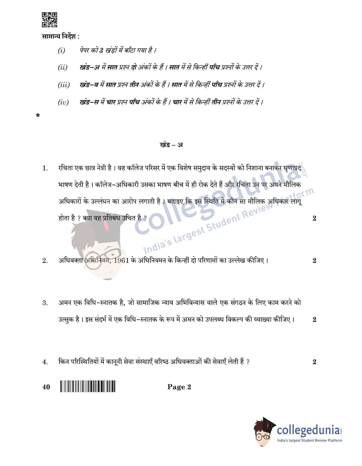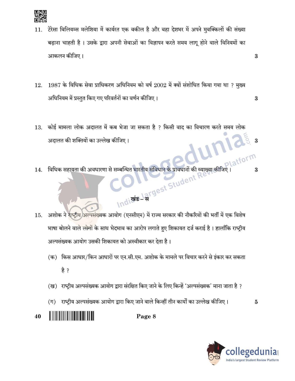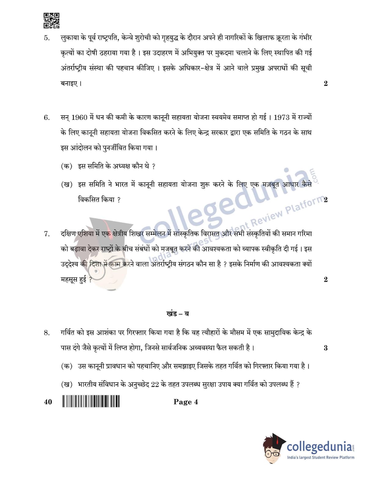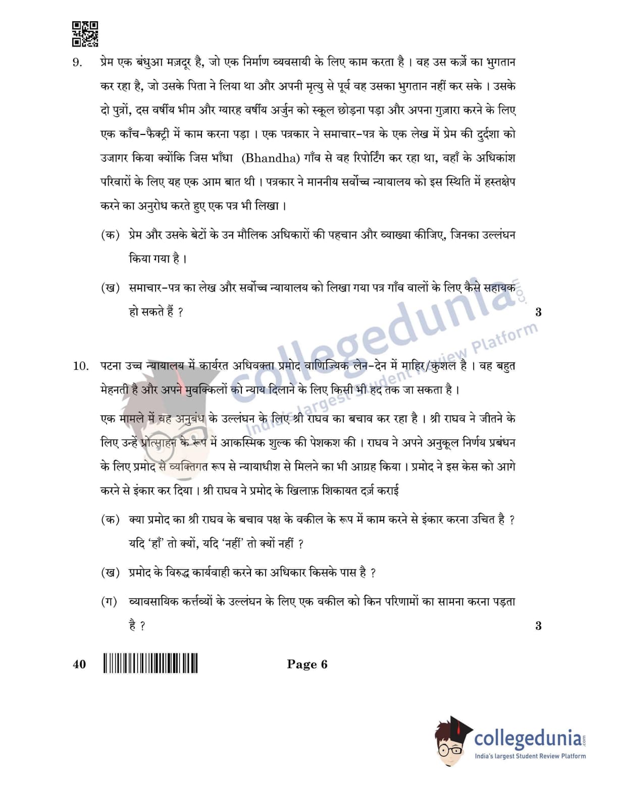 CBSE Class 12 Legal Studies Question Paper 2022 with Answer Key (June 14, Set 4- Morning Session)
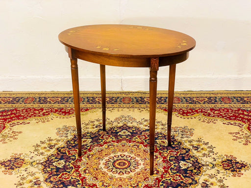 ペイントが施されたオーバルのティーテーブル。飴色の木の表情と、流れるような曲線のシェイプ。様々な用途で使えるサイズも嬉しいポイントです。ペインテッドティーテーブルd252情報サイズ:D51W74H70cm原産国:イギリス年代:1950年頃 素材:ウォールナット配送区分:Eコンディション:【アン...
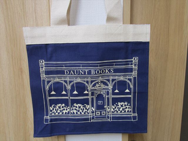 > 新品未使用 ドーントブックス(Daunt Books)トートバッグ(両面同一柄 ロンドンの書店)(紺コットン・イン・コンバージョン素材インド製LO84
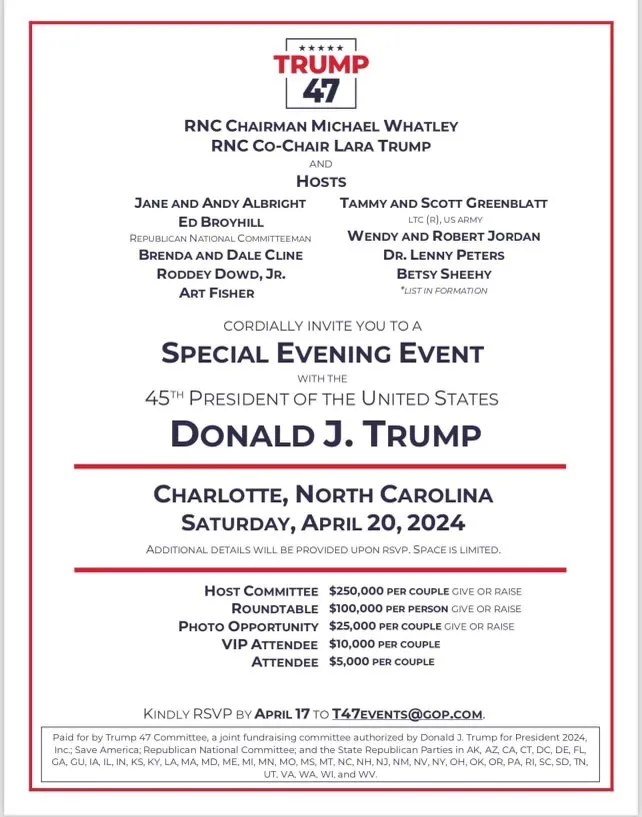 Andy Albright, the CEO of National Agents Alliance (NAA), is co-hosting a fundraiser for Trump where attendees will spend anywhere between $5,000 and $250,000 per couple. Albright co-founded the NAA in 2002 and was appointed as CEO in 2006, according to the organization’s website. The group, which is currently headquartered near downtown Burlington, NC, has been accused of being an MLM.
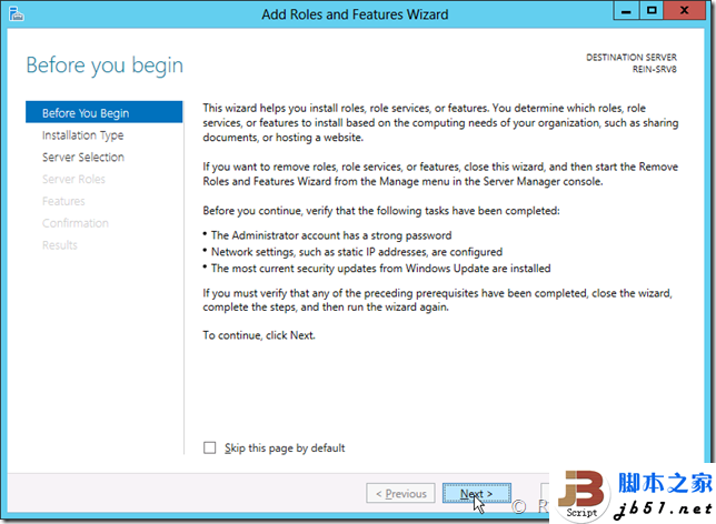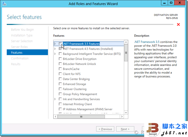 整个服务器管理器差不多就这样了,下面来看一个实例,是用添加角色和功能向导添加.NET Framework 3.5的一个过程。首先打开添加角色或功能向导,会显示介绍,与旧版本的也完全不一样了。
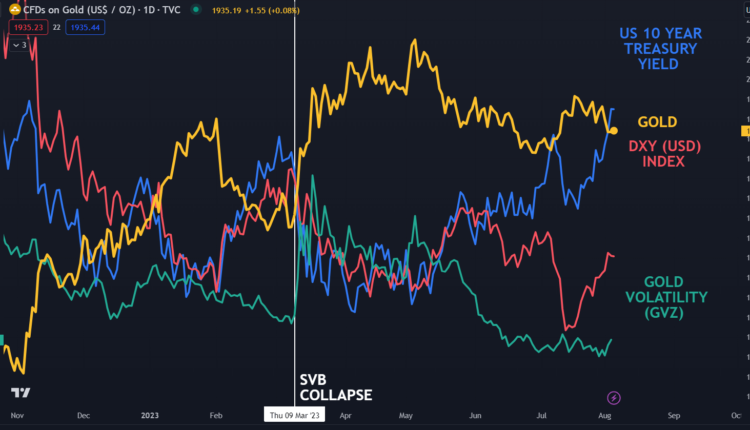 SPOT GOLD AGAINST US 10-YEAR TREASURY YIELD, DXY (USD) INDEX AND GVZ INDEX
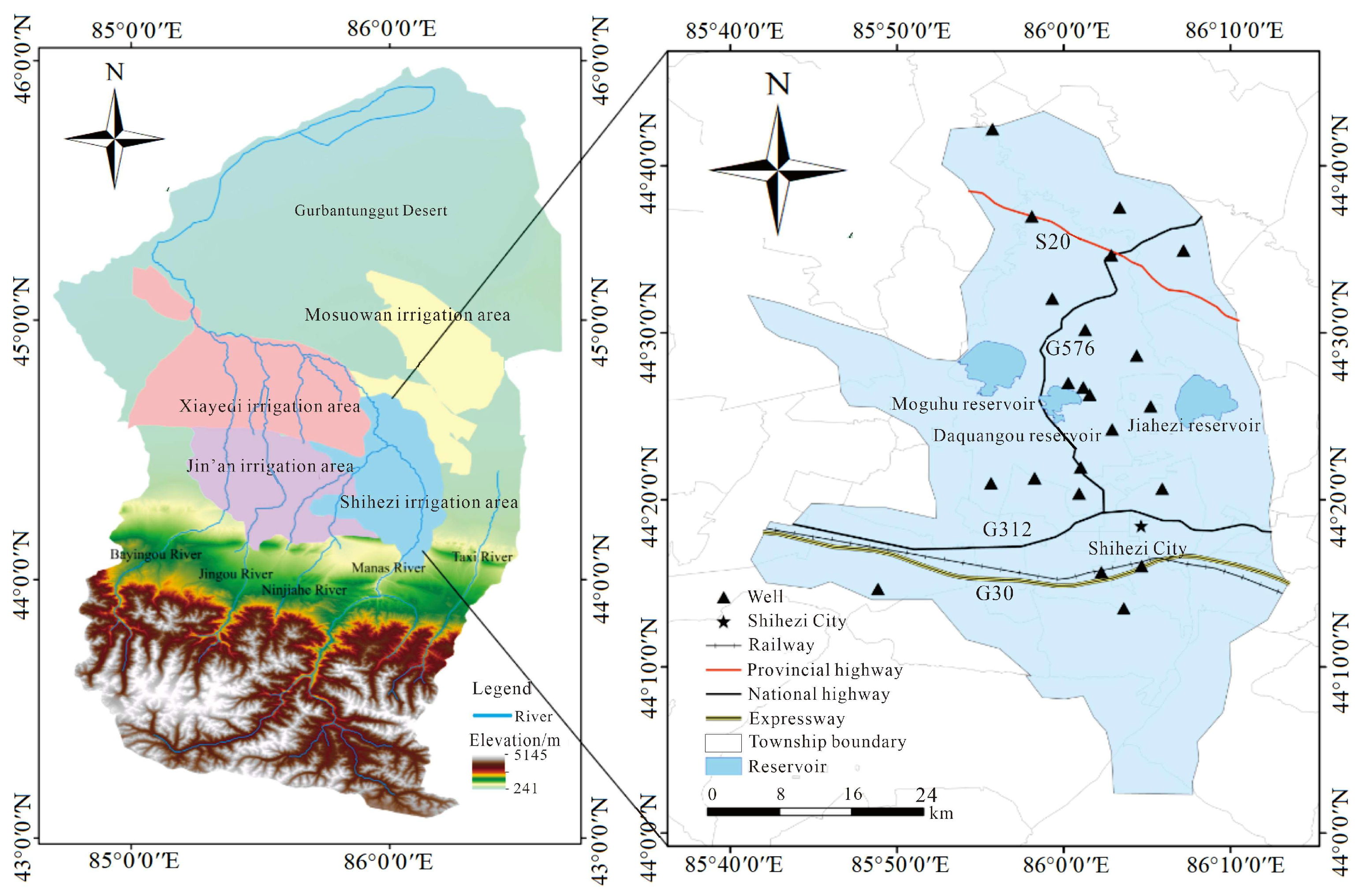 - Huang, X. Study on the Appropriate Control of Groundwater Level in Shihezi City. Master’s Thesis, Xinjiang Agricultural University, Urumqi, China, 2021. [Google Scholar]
--
Return the whole of the material above exactly, with no picture carried over.

 CBSE Class 12 Legal Studies Question Paper 2022 with Answer Key (June 14, Set 4- Morning Session)
 ペイントが施されたオーバルのティーテーブル。飴色の木の表情と、流れるような曲線のシェイプ。様々な用途で使えるサイズも嬉しいポイントです。ペインテッドティーテーブルd252情報サイズ:D51W74H70cm原産国:イギリス年代:1950年頃 素材:ウォールナット配送区分:Eコンディション:【アン...
 > 新品未使用 ドーントブックス(Daunt Books)トートバッグ(両面同一柄 ロンドンの書店)(紺コットン・イン・コンバージョン素材インド製LO84
 Andy Albright, the CEO of National Agents Alliance (NAA), is co-hosting a fundraiser for Trump where attendees will spend anywhere between $5,000 and $250,000 per couple. Albright co-founded the NAA in 2002 and was appointed as CEO in 2006, according to the organization’s website. The group, which is currently headquartered near downtown Burlington, NC, has been accused of being an MLM.
 整个服务器管理器差不多就这样了,下面来看一个实例,是用添加角色和功能向导添加.NET Framework 3.5的一个过程。首先打开添加角色或功能向导,会显示介绍,与旧版本的也完全不一样了。
 SPOT GOLD AGAINST US 10-YEAR TREASURY YIELD, DXY (USD) INDEX AND GVZ INDEX
 - Huang, X. Study on the Appropriate Control of Groundwater Level in Shihezi City. Master’s Thesis, Xinjiang Agricultural University, Urumqi, China, 2021. [Google Scholar]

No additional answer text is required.